Thomas Thurner

Energy Buildings Performance Scenarios as Linked Open Data

The reduction of green house gas emissions is one of the big global challenges for the next decades. (Linked) Open Data on this multi-domain challenge is key for addressing the issues in policy, construction, energy efficiency, production a like. Today – on the World Environment Day 2014 – a new (linked open) data initiative contributes to this effort: GBPN’s Data Endpoint for Building Energy Performance Scenarios.

gbpn-scenariosGBPN (The Global Buildings Performance Network) provides the full data set on a recently made global scenario analysis for saving energy in the building sector worldwide, projected from 2005 to 2050. The multidimensional dataset includes parameters like housing types, building vintages and energy uses  – for various climate zones and regions and is freely available for full use and re-use as open data under CC-BY 3.0 France license.

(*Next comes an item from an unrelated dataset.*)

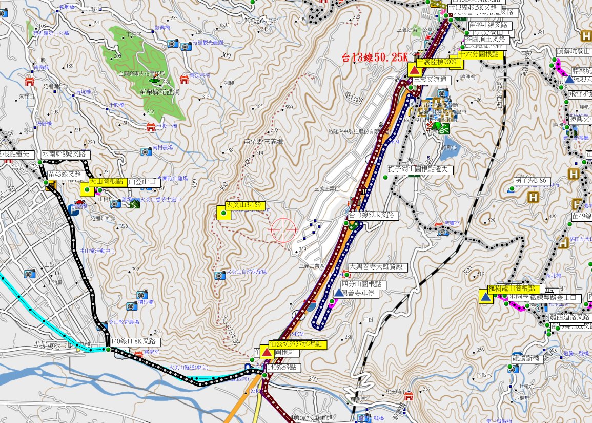 午餐後由蓬萊國小走124線往南走15.7K,左轉台3線往南走12.1K,右轉上72號快速道路走9.8K;於銅鑼交流到下接128線往西走3.1K,左轉台13線往南走11.7K(50.25K),於裕隆汽車大門口旁停車,此趟路程為52.9K有夠遙遠。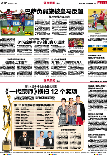 海南日报 体育新闻综合 012 2014-04-141 2014年04月14日 星期一

To explore this easily, the Semantic Web Company has developed an interactive query / filtering tool which allows to create graphs and tables in slicing this multidimensional data cube. Chosen results can be exported as open data in the open formats: RDF and CSV and also queried via a provided SPARQL endpoint (a semantic web based data API). A built-in query-builder makes the use as well as the learning and understanding of SPARQL easy – for advanced users as well as also for non-experts or beginners.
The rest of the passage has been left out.